In vivo regulation of the LH receptor (LHR) promoter was studied using transgenic (TG) mice harboring fusion genes containing three different lengths of the LHR promoter (7.4 kb, 2.1 kb, and 173 bp), fused with coding sequence of the Escherichia coli beta-galactosidase (beta-GAL) reporter gene. The length of the LHR promoter significantly affected the pattern of beta-GAL expression. In the testis the shortest promoter directed expression primarily of the full-length beta-GAL mRNA, but mainly truncated messages were transcribed from the longer LHR promoter/beta-GAL constructs. The case was reversed in the ovary and adrenal gland. Furthermore, we have recently detected strong LHR expression in the adrenal gland of female mice with chronically elevated serum LH. Therefore, the regulation of the adrenal LHR expression was addressed in the present study using the LHR/beta-GAL TG mice.
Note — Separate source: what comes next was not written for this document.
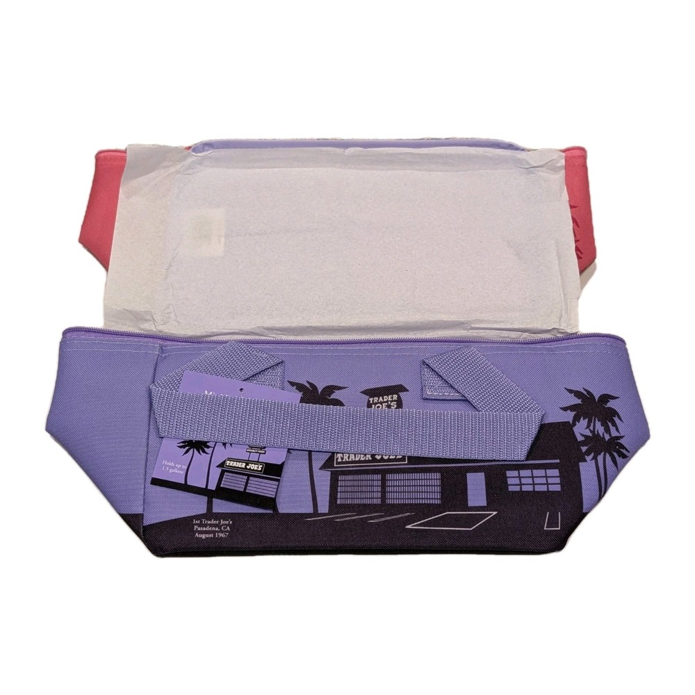 The Trader Joe's Valentines Day Mini Insulated Tote Bag is a set of two small polyester and nylon tote bags in either pink or lavender. They are 10 inches long, 6 inches high and wide, with a capacity of 1.5 gallons. These original bags feature a foldable design with a zipper closure, suitable for hand washing. Perfect for carrying items while keeping them insulated.

Elevated LH levels were achieved in the LHR/beta-GAL mice either by gonadectomy or cross-breeding them with TG mice overexpressing a chimeric protein of bovine LH beta-subunit and the C-terminal fragment of human chorionic gonadotropin-beta. In both models, beta-GAL mRNA was found in the adrenal cortex when the 7.4-kb LHR promoter was applied but not in mice carrying the 173-bp LHR promoter. The 7.4-kb construct was activated also in the ovaries in the double TG LHR(beta-GAL)/bovine LH beta-subunit/C-terminal fragment of human chorionic gonadotropin-betamice in some theca-interstitial cells surrounding the follicles. Hence, the LHR promoter elements essential for directing beta-GAL expression to the adrenal gland and ovary (7.4 kb) are different from those recently shown to be essential for the testicular expression (173 bp). In conclusion, elevated serum LH concentrations were found seminal for the LHR promoter activation in the ovaries and adrenals, and different lengths of the promoter are responsible for reporter gene expression in the testis, ovary, and adrenal gland.

Transgenic and knockout mouse models for the study of luteinizing hormone and luteinizing hormone receptor function.

The main functions of luteinizing hormone (LH) are concerned with regulation of gonadal function, and these functions are today well delineated through previous physiological studies. However, novel information of less well-known aspects of actions of this hormone is currently emerging from studies on genetically modified mouse models, with either enhanced or suppressed LH/LH receptor (LHR) function. The novel functions of LH include its role, in specific situations, as promoter of formation and growth of gonadal and extragonadal tumors. Chronically elevated LH levels in transgenic (TG) mice can also induce responses to this hormone in extragonadal tissues. The knockout (KO) mouse for the LHR has elucidated various less well-known details in the function of LH during ontogeny and adult life. Finally, studies on LHR promoter function have revealed that the expression of this gene occurs in age, sex and tissues-specific fashion. The purpose of this brief review is to summarize some of our recent findings upon studies of TG and KO mice with altered function of LH or its receptor.